# The intricacies of the "man hug"



## Southern Presbyterian (Sep 16, 2008)

Just in case anyone was wondering.....


How to give the perfect man hug


----------



## FrielWatcher (Sep 16, 2008)

I am glad it is now spelled out. It should be taught in every school nationwide.


----------



## LawrenceU (Sep 16, 2008)

There are some really funny spots in that video!


----------



## VictorBravo (Sep 16, 2008)

I just wonder how some of us older guys managed to learn these basics before youtube came along. (Oh yeah, I remember now. It was Dad).


----------



## Quickened (Sep 16, 2008)

haah! Thats classic!


----------



## Jimmy the Greek (Sep 16, 2008)

I knew that the "pats" on the back were key. It's nice to see it spelled out.


----------



## Archlute (Sep 16, 2008)

That was funny. 

Yes, the pats-to-the-break are the key!

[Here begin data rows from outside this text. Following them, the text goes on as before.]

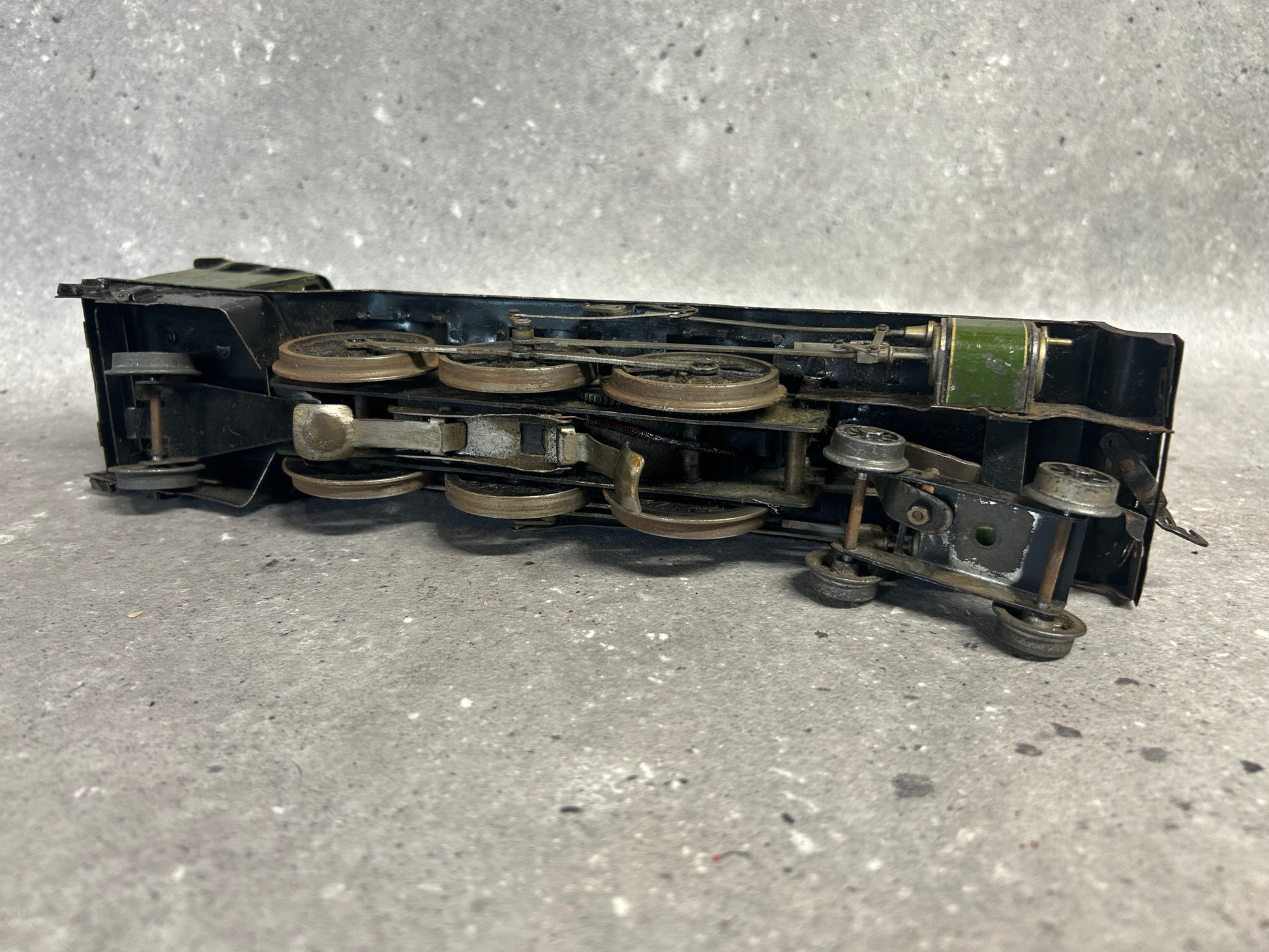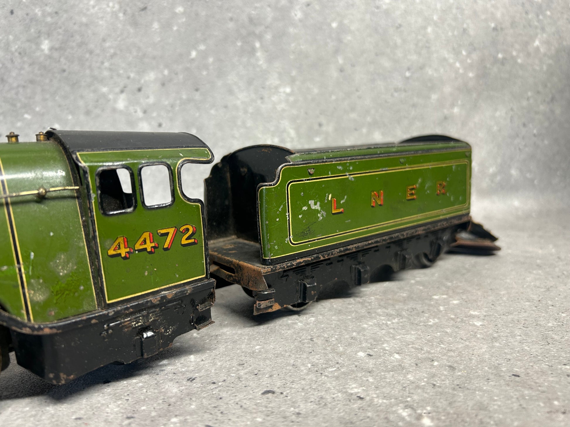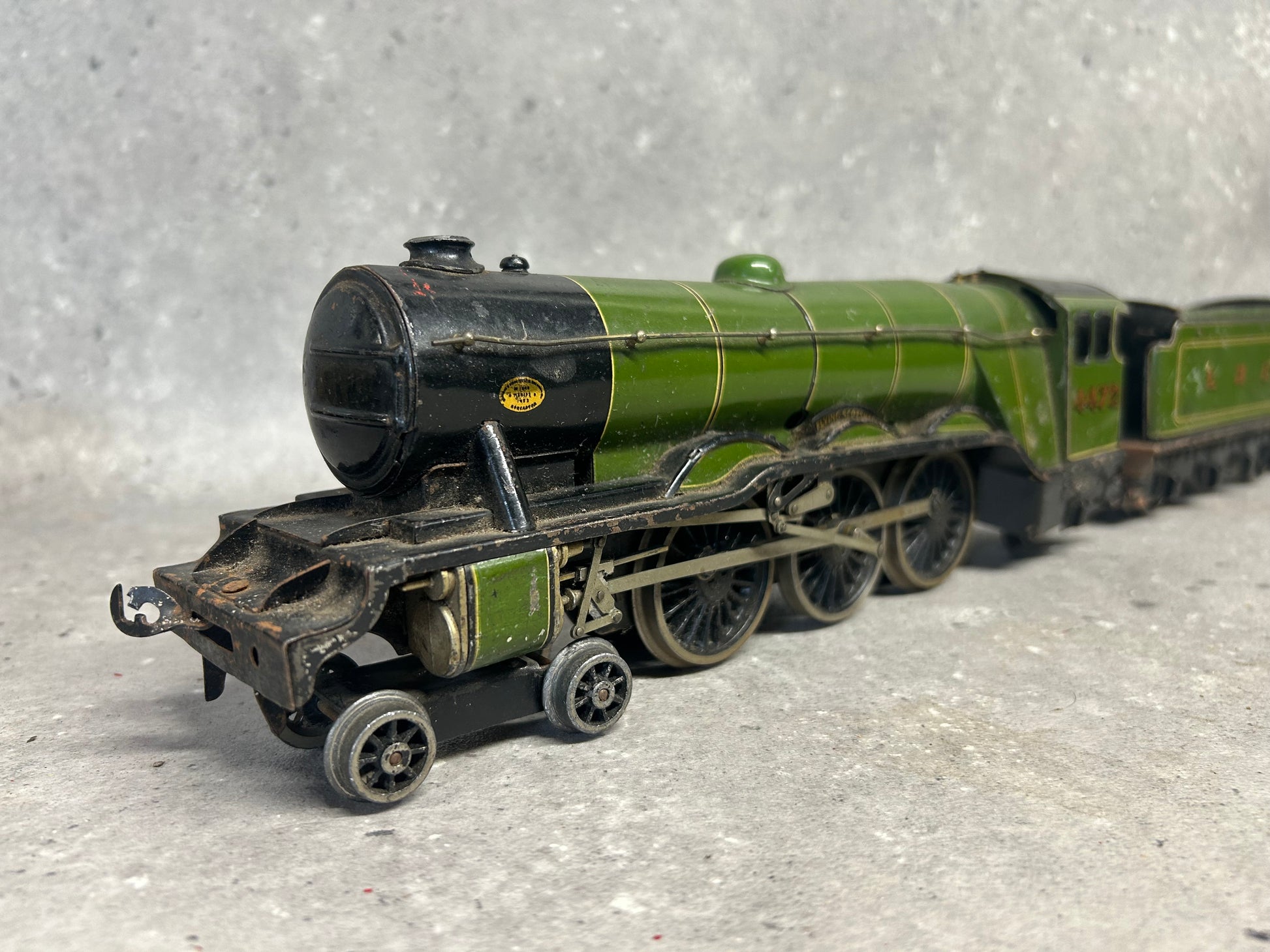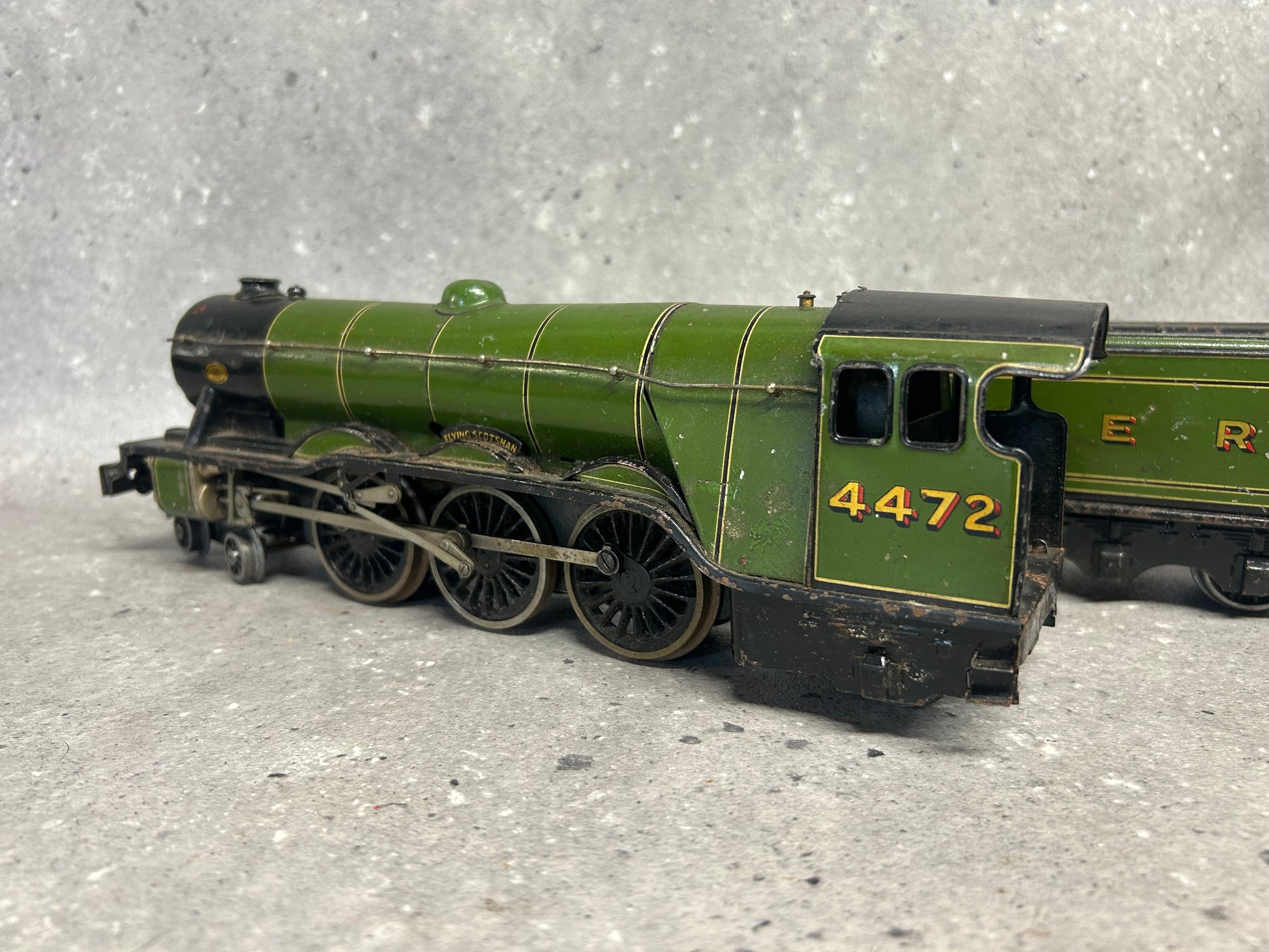 An original Bassett-Lowke Gauge "O" 4-6-2 "Flying Scotsman" Locomotive, No. 4472 in LNER colours. Complete with tender. This is an electric-powered locomotive which was produced by Bassett-Lowke during the mid-20th century. Fitted with detailed cab and robust construction, this particular model is showing clear signs of age-related wear including some paint loss and occasional surface rust. The model does require a service because although the motion-works do turn, they are a little stiff and when bench tested did not operate as intended. The coupling hook at the rear of the cab does appear to be missing too. The tender has similar wear and requires some correction work to the retracting door. Any questions feel free to ask.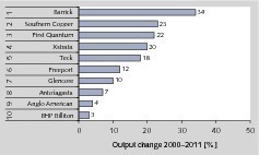 The subsequent rankings with market shares of around 5 % and less are held by Xstrata (5.4 %), Antofagasta (4.0 %), Anglo American and Southern Copper (3.7 % each), Rio Tinto (3.2 %), KGHM Polska Miedz (2.7 %) and Norilsk Nickel (2.3 %) and Glencore International, who also have a production rate of 0.363 Mta and a 2.7 % market share. However, the market is characterized by a high degree of variation in the annual ranking list. For example, Southern Copper and Antofagasta proved to be winners in the recent past. Southern Copper increased its copper production of 0,485 Mta by 0,102 Mta from 2009 to 2011 while Antofagasta raised its output of 0,443 Mta by 0,198 Mta or almost 45 % in the same period of time. By contrast, Anglo American and Rio Tinto were not able to maintain their 2009 production figures. Anglo American’s output dwindled from 0.678 Mta by 0.158 Mta, representing a decrease of 23 % up to 2011.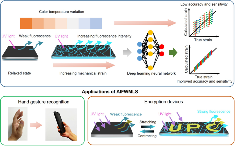 针对柔性可穿戴应变传感器通过复杂布线与设备相连实现信号转换,导致高功耗、信号读取延迟、现场检测解析困难等问题,团队研发了柔性无线无源可穿戴力致发光比色可视化传感技术,提出一种人工智能辅助的无线、柔性、可穿戴的力致发光比色应变传感器系统。通过构建三明治结构柔性可穿戴力致发光薄膜传感器与基于轻量级卷积循环深度学习算法的色彩数据处理系统深度集成,实现了力致发光应变传感薄膜颜色的快速提取、解析和自动校正,拓展了可穿戴应变传感器在运动监测、姿态识别等领域的应用潜力。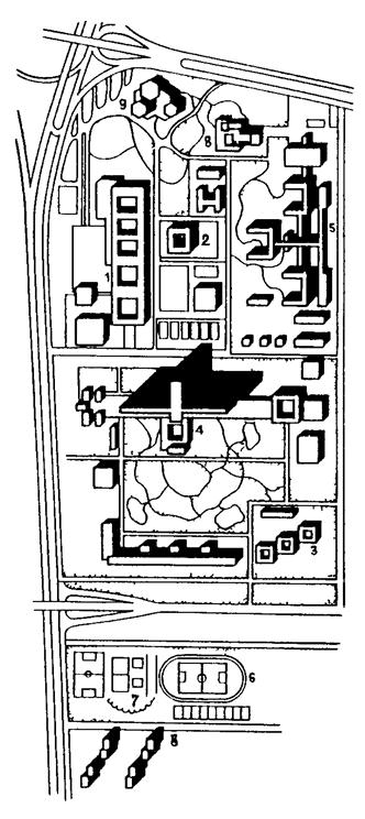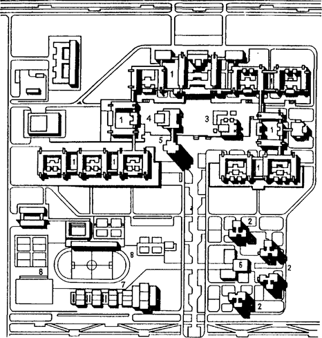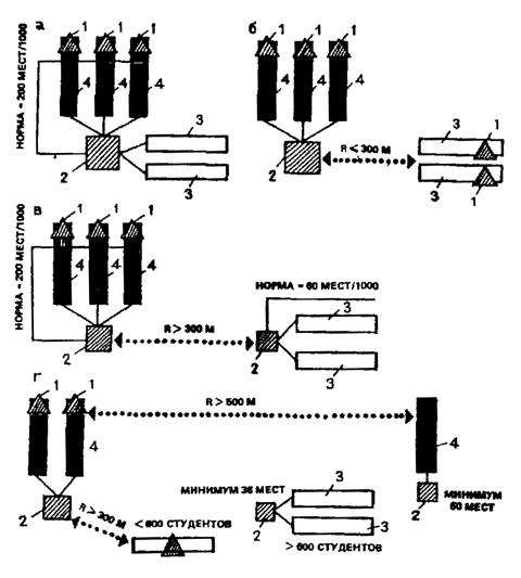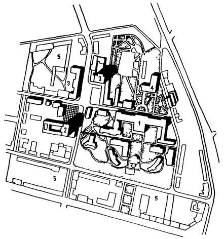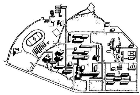 комплексность размещения и возведения учебных, научных, спортивных, жилых, культурно-зрелищных и обслуживающих зданий и сооружений вузов;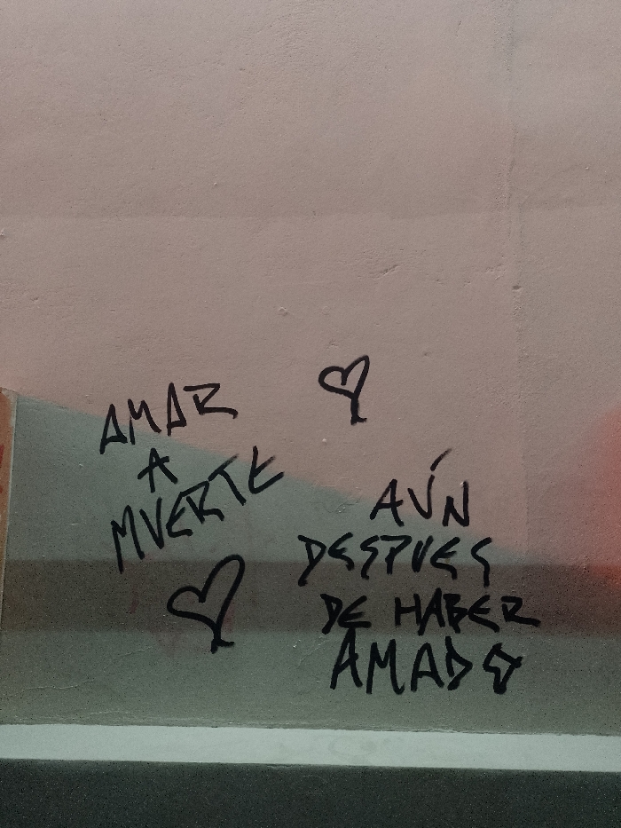 The image displays a segment of a painted wall marked with black graffiti. The upper portion of the wall presents a faded light pinkish-beige hue, while a horizontal line separates it from a darker, greyish-beige lower section. A subtle greenish-blue tint is discernible within the mid-lower area, and a faint orange-pink reflection is visible on the far right. The graffiti consists of three distinct elements: the Spanish phrase "AMAR A MUERTE" (Love to death) written in an upward-sloping orientation on the left; a small heart symbol positioned above and to the right of this phrase; and another heart symbol placed beneath it. To the right, a second phrase reads "AÚN DESPUÉS DE HABER AMADO" (Even after having loved). The text is handwritten in an informal style. The wall's surface exhibits a slightly textured appearance. The specific location within Buenos Aires, Argentina, cannot be ascertained from the visual evidence.

It's amazing how intuitive this is for every man who has ever engaged in "man-hugging".


----------



## nicnap (Sep 16, 2008)




----------



## JM (Sep 16, 2008)

I just want to know what made you look up "how to give a man hug!"


----------



## Archlute (Sep 16, 2008)

JM said:


> I just want to know what made you look up "how to give a man hug!"



x2


----------



## Southern Presbyterian (Sep 16, 2008)

JM said:


> I just want to know what made you look up "how to give a man hug!"





Archlute said:


> JM said:
> 
> 
> > I just want to know what made you look up "how to give a man hug!"
> ...



It is the featured video over at The Sacred Sandwich site. LOL. This isn't really the sort of thing that I'd normally do a search for, but when one happens across good comedic material it is nice to share.


----------



## LawrenceU (Sep 17, 2008)

Just don't waste your time at the website that produced it. There is a lot of garbage over there. Wish I'd never gone there.


----------



## Southern Presbyterian (Sep 17, 2008)

LawrenceU said:


> Just don't waste your time at the website that produced it. There is a lot of garbage over there. Wish I'd never gone there.



Ah, yes, this is often the case, especially videos.

Thanks for the heads up on this one.


----------